Dawkins is a good exponent of evolutionary theory, though a poor and apparently ill-informed political thinker. As a scientist he has earned his scorn for religious dogma. Scientific knowledge has displaced God as an explanation for natural phenomena and dilutes the hold of formal religion. But we might ask of this Darwinist: if belief in the supernatural is natural, if our brains have evolved to favor irrational belief, as you say they have, can the “impulse to religion” be eradicated? Will not our evolved gullibility always find other irrationalities to latch onto?

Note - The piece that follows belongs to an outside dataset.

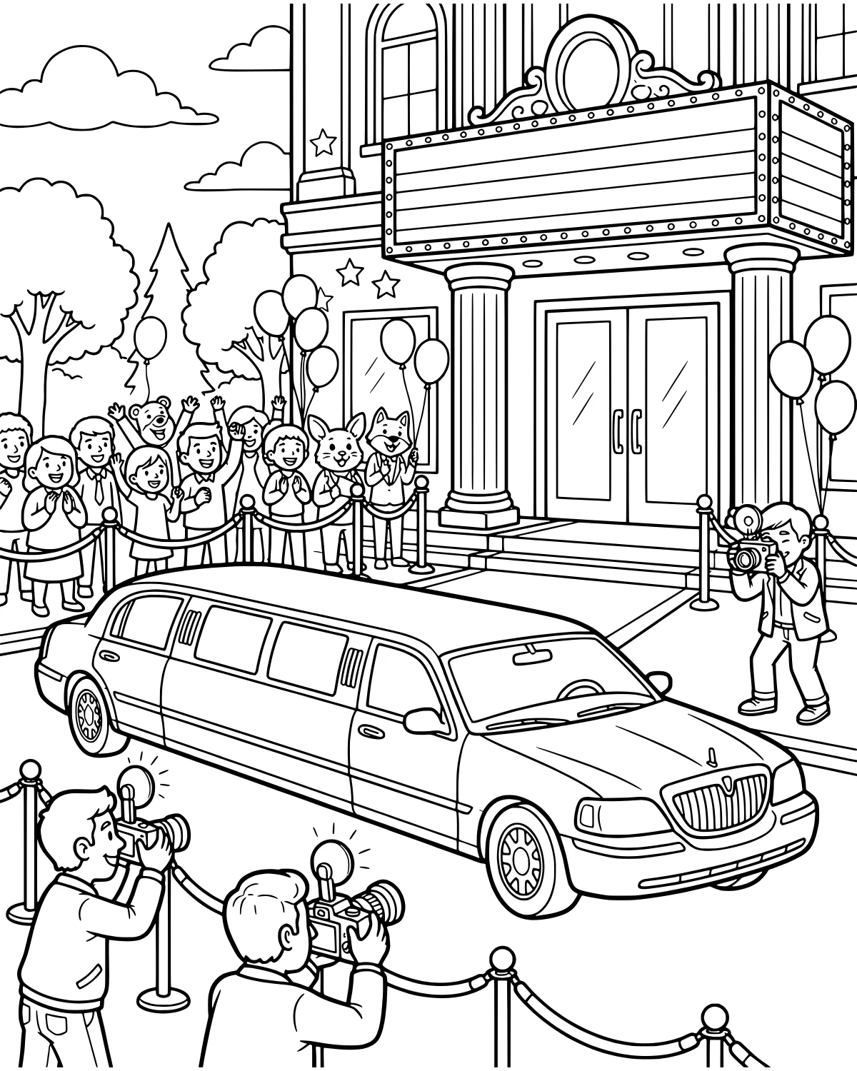 In the center of the scene, a long limousine sits parked next to the red carpet which is held in place by classic stanchions. A grand movie theater stands in the background, featuring tall columns, double doors, and a large marquee ready for a movie title. A friendly fox character, a rabbit, and a teddy bear are joining the fun alongside a group of excited children. High above, balloons float near the clouds and trees, adding to the festive mood. On the sidelines, paparazzi photographers are busy with their cameras, capturing every moment with bright flashes that light up the night.
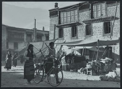 Földes utca. az épületekelőtt árnyékvetők alatt árusok. Elöl egy férfi biciklit tol, mellette egy asszony hagyományos viseletben. Távolabb egy asszony közeledik, egy szerzetes távolodik.

Evolutionary theory seems to be telling us that as a species we are inclined to blind faith and will make religions, cults, gods, prophets, messiahs and other infallible authorities out of whatever material is to hand – global warming, for instance. Or will further evolution wholly correct the religifying predisposition? And are there not also natural selection pressures that favor an “impulse to skepticism” – for after all many of us have it? Is it rational of us to look forward to an age in which irrational belief no longer bears significantly on human action? Is evolution going the way we atheists would wish it to?
I fear not. The most atheist of the world’s populations (Europe, Japan, Russia) are not reproducing themselves. Rather than raising atheists’ consciousness, Dawkins should be telling us to “go forth and multiply”.